Salidroside Inhibits CCl(4)-Induced Liver Fibrosis in Mice by Reducing Activation and Migration of HSC Induced by Liver Sinusoidal Endothelial Cell-Derived Exosomal SphK1

Sphingosine kinase 1 (SphK1)/Sphingosine-1-phosphate (S1P)/S1PRs signaling pathway is known to involve the advancement of liver fibrosis. Exosomal SphK1 promotes hepatic stellate cells (HSC) migration. Salidroside (Sal) inhibits liver fibrosis, but its mechanism is yet to be elucidated. This study was to explore the influences of Sal on the SphK/S1P/S1PRs signaling pathway in liver fibrosis induced by carbon tetrachloride (CCl(4)) in vivo, and investigated the mechanism of Sal affecting the migration and activation of HSC triggered by exosomal SphK1 in vitro.
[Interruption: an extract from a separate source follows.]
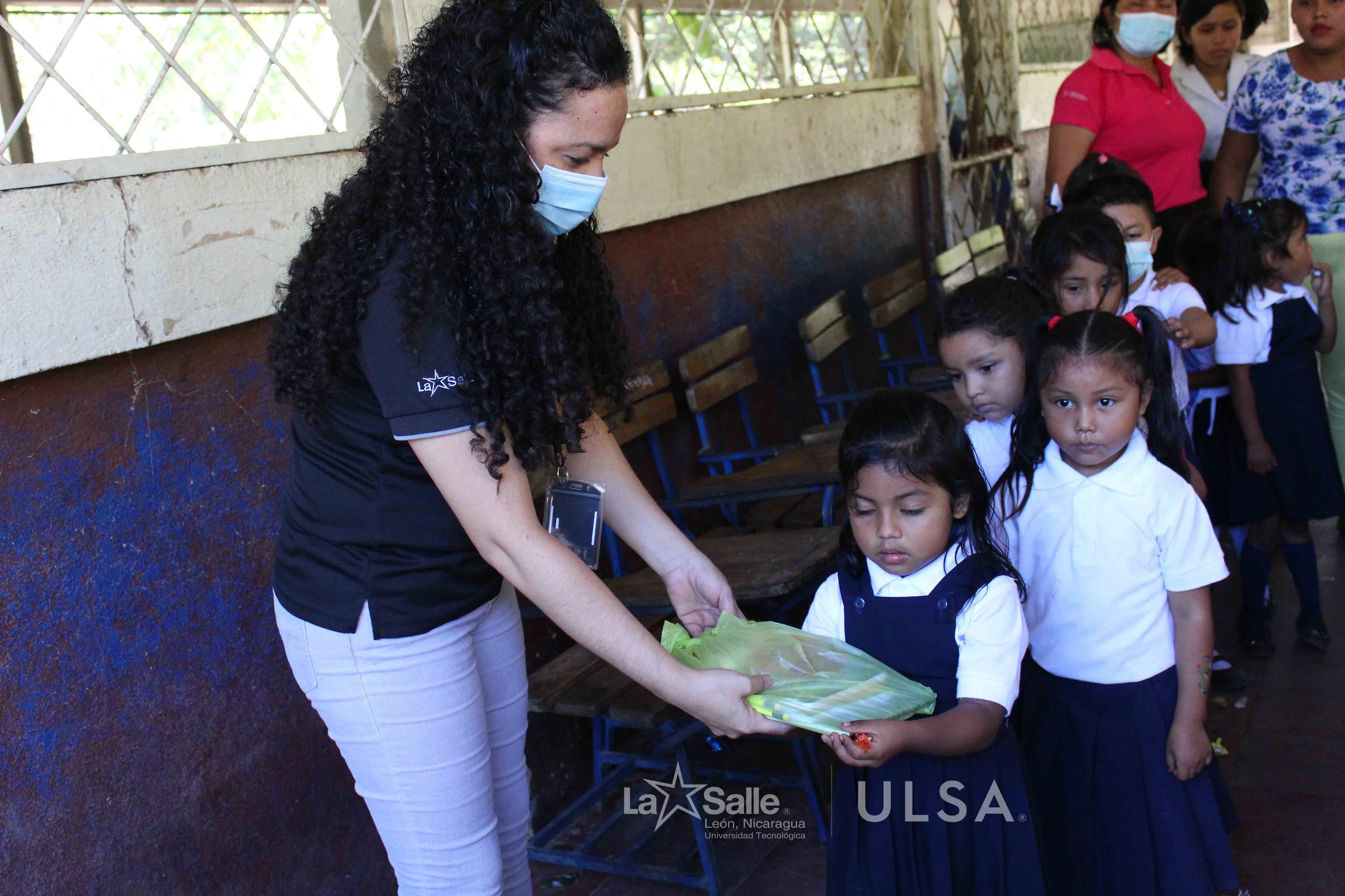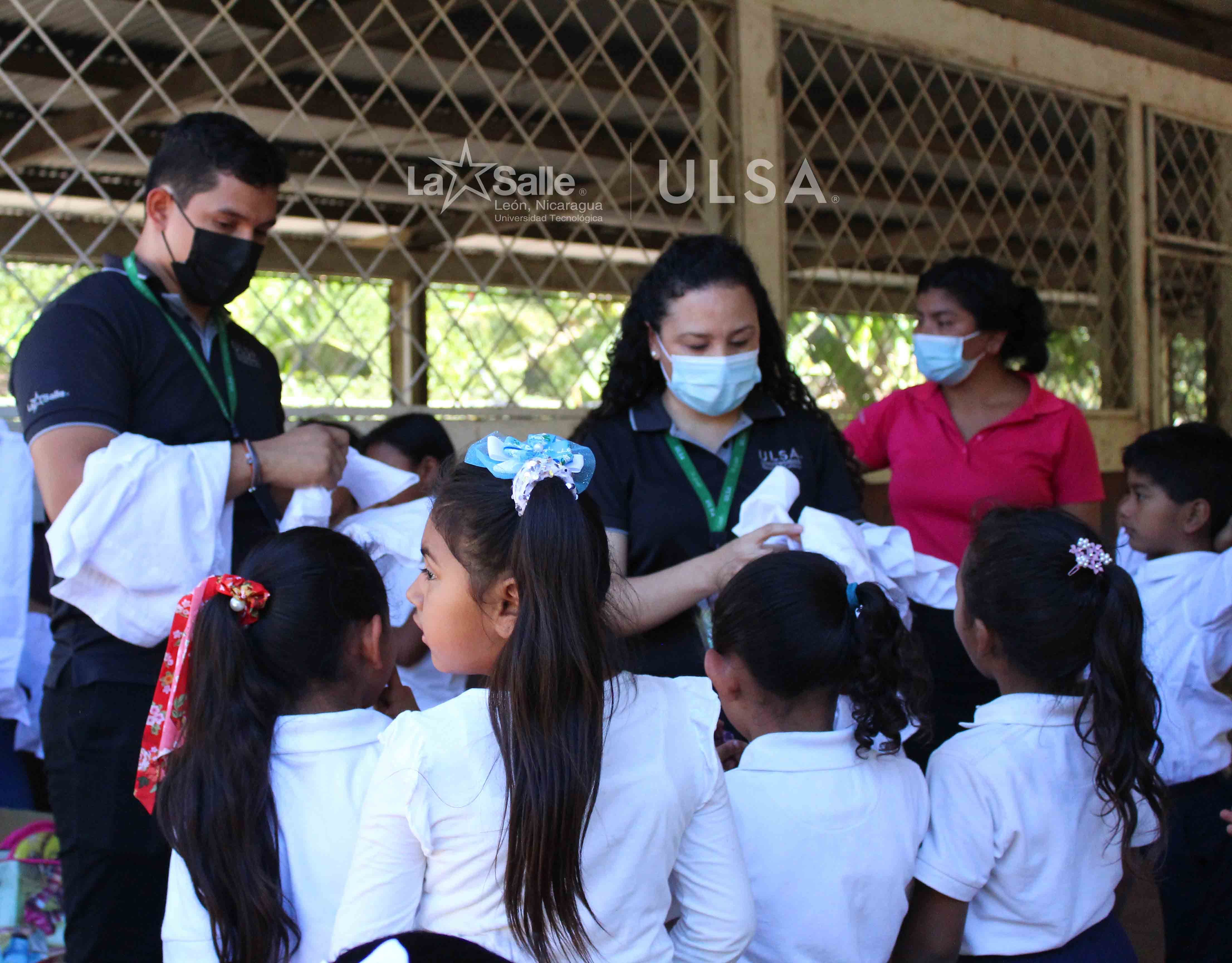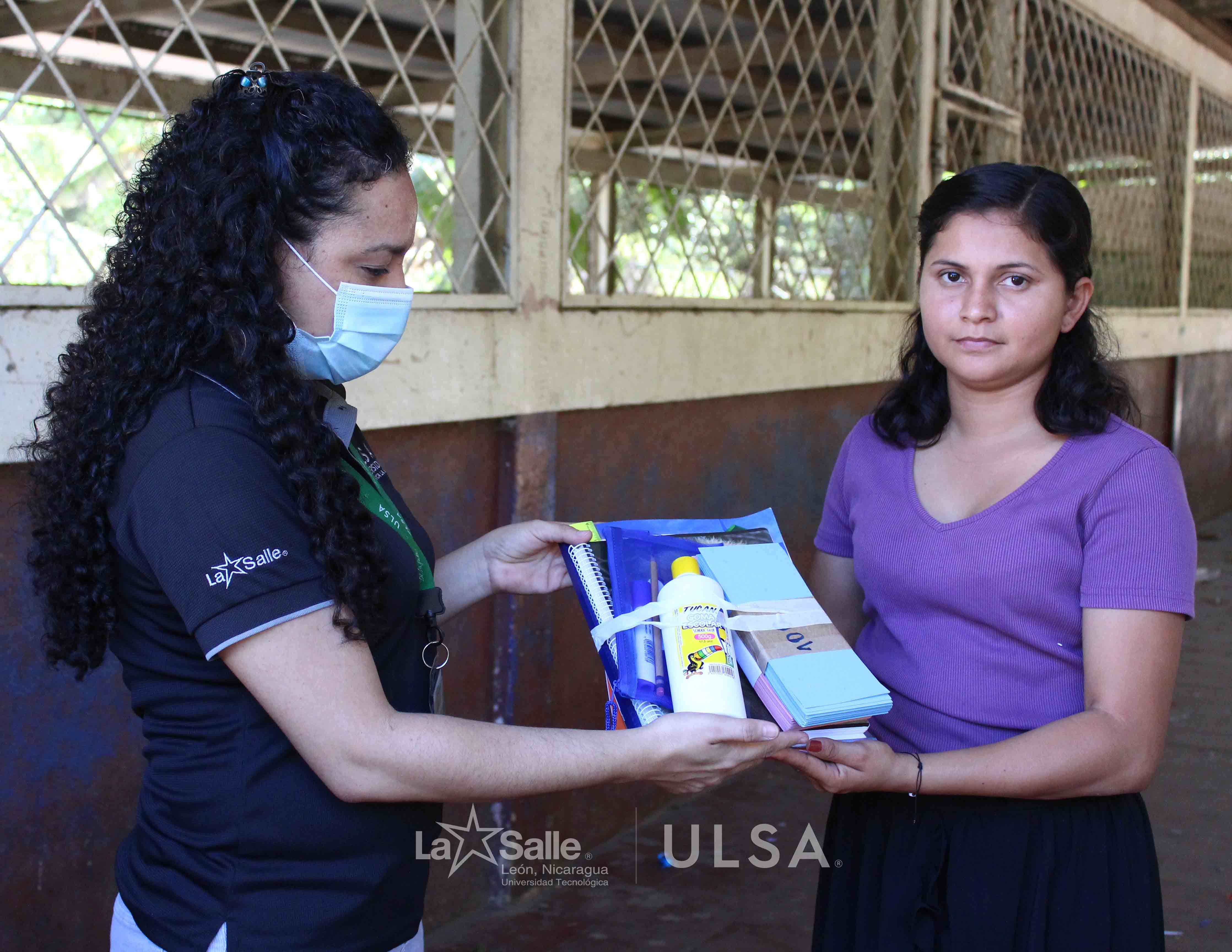 Entrega de útiles escolares en el colegio Roger Morales de Abangasca Sur como parte de la campaña de ULSA "Lasallistas comprometidos con la educación".

Our data showed that Sal reduced the activities of alanine transaminase (ALT), aspartate aminotransferase (AST) in serum, and hydroxyproline (Hyp) content in the liver tissue. Sal subdued the expression of α-smooth muscle actin (α-SMA), fibronectin (FN) and type I collagen (Col I) of the liver. Sal also reduced mitochondria-induced hepatocyte apoptosis and to inhibit JNK activation. Furthermore, Sal remarkably eradicated the influence of SphK1, SphK2, S1P, and S1PRs triggered by CCl(4), whether stimulating or hindering. Compared with serum-derived exosomes from model group mice, serum-derived exosomes from Sal group mice expressed lower SphK1 and reduced JS 1 (mouse HSC cell line) migration. In addition, Sal was also observed to subdue Col I expression, AKT activation, and LX-2 migration induced by exosomal SphK1 from SK-HEP-1 (a kind of liver sinusoidal endothelial cells (LSEC) cell line). In conclusion, Sal could effectively alleviate liver injury, hepatocyte apoptosis, and liver fibrosis in vivo, providing supports that the protective effects of Sal might be realized by suppressing JNK activation and modulating the SphK/S1P/S1PRs axis. In vitro, it was observed that Sal might alleviate LX-2 migration and activation induced by exosomal SphK1 by inhibiting the AKT activation.